Key takeaways: an idle CPU wastes resources, but high CPU utilisation erodes performance, and poor performance drives unnecessary scaling and over-provisioning. Find the utilisation sweet spot by measuring app and system CPU time at varying levels, defining acceptable degradation based on user expectations, and plotting utilisation vs CPU time to find the knee point. Select a threshold that maximises efficiency while staying within acceptable degradation.
The SRE’s Crystal Ball: Predicting System Performance with Queues and USL
Aravindh Sampathkumar, Booking.com — The SRE’s Crystal Ball: Predicting System Performance with Queues and USL
Thinking in queues. Queues are everywhere, and queuing is non-linear — it’s not intuitive. Queues occur even when there’s enough average capacity, because of high variance in arrival rates and service times.

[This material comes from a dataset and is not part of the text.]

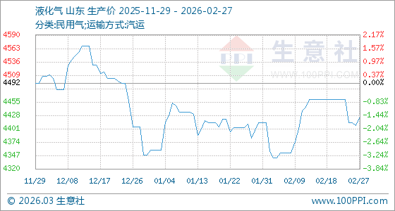 2月27日,生意社液化氣基準(zhǔn)價為4407.50元/噸,與本月初(4412.50元/噸)相比,下降了0.11%。

The golden signals through a queuing theory lens: latency is service time plus waiting time (utilisation drives waiting time, and the coefficient of variation is a leading indicator); traffic as arrival rate (λ) is the demand driver; errors are a symptom of overload; and saturation is high utilisation.
Little’s Law again: L = λ × W. A worked example: arrival rate of 180 req/s, average service time of 50 ms, four server
pods.
ρ = (180 × 0.05) / 4 = 2.25 — anything above 1 means queuing. Scaling to 8 pods gives ρ = 1.25, still over 1. You need 10 pods to get ρ = 0.95 and eliminate the queue.
The Universal Scalability Law models how throughput changes with concurrency, accounting for contention and coherency overhead.
Limitations: noisy real-world data, distributed systems that are hard to model as aggregate functions, async and event-driven architectures that resist modelling, a coherency factor that assumes 1:1 coordination, systems that behave differently at scale, noisy neighbours in multi-tenant environments, and rate limits at dependencies.
Pitfalls: garbage in, garbage out; don’t extrapolate too far into the future; maximum throughput is often not the actual goal.